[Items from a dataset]
◇ ◇ ◇
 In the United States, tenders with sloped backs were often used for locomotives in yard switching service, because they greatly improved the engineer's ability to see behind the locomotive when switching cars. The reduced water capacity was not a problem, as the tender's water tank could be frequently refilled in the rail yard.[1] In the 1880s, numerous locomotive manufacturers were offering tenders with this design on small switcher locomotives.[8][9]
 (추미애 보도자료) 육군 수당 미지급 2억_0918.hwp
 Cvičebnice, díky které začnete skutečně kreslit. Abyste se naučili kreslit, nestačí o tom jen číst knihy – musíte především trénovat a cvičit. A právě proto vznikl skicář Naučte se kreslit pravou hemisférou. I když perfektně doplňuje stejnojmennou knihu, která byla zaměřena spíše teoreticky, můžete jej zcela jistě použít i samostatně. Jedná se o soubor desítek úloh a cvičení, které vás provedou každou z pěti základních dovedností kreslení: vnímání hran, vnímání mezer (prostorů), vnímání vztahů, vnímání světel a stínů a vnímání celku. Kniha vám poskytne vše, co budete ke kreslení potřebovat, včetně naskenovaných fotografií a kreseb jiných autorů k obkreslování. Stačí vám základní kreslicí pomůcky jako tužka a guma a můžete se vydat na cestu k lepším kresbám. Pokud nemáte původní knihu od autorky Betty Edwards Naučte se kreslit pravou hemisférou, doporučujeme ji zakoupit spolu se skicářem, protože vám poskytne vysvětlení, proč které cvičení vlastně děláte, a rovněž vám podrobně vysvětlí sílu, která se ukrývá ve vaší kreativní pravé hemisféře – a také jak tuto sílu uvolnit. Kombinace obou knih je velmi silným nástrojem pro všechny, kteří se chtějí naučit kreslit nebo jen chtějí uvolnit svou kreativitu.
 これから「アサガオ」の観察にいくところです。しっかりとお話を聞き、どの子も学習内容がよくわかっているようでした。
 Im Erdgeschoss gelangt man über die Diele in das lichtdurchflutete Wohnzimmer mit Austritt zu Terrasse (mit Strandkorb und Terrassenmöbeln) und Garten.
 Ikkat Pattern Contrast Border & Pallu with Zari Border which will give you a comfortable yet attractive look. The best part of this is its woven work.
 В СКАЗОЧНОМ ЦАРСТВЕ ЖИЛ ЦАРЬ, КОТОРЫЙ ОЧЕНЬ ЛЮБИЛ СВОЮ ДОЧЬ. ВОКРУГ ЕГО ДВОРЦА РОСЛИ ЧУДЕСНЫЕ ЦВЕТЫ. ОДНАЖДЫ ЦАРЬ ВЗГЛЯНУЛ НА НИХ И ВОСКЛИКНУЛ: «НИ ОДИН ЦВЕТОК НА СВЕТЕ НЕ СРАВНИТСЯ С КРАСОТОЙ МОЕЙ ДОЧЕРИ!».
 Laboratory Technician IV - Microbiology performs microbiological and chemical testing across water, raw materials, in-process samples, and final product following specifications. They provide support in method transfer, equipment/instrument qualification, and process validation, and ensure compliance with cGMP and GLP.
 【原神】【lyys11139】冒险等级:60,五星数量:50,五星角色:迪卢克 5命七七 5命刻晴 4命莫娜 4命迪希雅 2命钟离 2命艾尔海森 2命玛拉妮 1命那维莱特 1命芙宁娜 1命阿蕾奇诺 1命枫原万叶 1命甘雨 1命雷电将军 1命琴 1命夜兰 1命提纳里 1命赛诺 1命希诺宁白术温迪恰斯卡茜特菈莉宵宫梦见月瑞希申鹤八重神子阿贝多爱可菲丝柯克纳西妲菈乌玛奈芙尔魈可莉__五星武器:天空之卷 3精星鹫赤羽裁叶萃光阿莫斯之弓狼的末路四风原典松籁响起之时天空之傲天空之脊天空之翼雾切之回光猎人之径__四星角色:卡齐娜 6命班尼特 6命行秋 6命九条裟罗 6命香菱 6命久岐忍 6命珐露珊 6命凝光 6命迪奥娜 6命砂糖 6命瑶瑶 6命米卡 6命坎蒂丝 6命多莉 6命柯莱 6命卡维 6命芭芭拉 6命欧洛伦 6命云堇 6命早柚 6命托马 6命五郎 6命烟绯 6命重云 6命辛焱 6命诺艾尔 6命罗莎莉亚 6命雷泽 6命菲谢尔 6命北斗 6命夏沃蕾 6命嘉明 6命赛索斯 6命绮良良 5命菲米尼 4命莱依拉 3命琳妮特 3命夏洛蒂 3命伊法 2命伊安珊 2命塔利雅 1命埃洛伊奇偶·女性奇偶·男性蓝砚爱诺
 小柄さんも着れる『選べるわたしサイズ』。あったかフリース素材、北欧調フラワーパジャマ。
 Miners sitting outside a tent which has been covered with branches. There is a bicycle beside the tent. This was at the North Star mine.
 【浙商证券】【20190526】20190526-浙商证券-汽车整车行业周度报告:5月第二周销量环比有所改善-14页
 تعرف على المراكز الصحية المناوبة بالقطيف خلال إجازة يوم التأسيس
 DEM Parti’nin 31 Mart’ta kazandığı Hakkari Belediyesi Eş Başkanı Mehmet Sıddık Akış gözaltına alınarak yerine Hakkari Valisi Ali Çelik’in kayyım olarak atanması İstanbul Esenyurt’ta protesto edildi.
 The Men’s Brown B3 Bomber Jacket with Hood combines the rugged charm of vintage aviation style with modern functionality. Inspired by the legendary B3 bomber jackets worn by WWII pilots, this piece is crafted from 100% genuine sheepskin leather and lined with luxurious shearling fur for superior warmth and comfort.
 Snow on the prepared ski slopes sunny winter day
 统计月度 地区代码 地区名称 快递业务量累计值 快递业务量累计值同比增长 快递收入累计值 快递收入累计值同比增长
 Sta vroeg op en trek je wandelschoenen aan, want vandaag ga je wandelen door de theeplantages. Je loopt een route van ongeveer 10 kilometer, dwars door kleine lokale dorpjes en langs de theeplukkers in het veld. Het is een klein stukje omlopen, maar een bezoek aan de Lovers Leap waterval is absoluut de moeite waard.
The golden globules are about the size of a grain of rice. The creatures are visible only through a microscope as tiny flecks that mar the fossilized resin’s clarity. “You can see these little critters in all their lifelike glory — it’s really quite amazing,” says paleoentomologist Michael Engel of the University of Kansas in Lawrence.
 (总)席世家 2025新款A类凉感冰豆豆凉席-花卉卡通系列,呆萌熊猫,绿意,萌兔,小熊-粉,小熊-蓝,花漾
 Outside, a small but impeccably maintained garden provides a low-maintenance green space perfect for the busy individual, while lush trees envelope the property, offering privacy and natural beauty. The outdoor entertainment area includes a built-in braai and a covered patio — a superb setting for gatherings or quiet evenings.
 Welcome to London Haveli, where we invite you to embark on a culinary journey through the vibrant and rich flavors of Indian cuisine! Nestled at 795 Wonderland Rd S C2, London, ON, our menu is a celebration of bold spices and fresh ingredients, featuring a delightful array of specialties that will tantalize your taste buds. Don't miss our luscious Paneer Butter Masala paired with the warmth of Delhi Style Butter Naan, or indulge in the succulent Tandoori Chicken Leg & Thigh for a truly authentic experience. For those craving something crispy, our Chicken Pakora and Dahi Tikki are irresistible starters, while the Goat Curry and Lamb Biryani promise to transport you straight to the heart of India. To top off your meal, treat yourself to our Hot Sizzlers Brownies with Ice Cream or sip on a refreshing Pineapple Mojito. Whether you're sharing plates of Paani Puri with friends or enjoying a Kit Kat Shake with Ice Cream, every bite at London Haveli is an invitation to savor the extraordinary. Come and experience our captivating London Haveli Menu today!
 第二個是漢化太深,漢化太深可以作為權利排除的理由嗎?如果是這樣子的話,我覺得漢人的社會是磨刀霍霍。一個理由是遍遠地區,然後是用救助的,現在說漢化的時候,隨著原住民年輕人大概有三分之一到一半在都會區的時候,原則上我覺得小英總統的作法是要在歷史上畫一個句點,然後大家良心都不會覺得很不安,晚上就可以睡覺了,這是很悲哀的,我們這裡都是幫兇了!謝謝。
◇ ◇ ◇
=== WHAT NEEDS TO BE DONE ===
An exact copy of the lines above between the line holding "(总)席世家 2025新款A" and the line holding "Outside, a small", inclusive, is the whole answer.

=== SOLVED EXERCISE ===
 (总)席世家 2025新款A类凉感冰豆豆凉席-花卉卡通系列,呆萌熊猫,绿意,萌兔,小熊-粉,小熊-蓝,花漾
 Outside, a small but impeccably maintained garden provides a low-maintenance green space perfect for the busy individual, while lush trees envelope the property, offering privacy and natural beauty. The outdoor entertainment area includes a built-in braai and a covered patio — a superb setting for gatherings or quiet evenings.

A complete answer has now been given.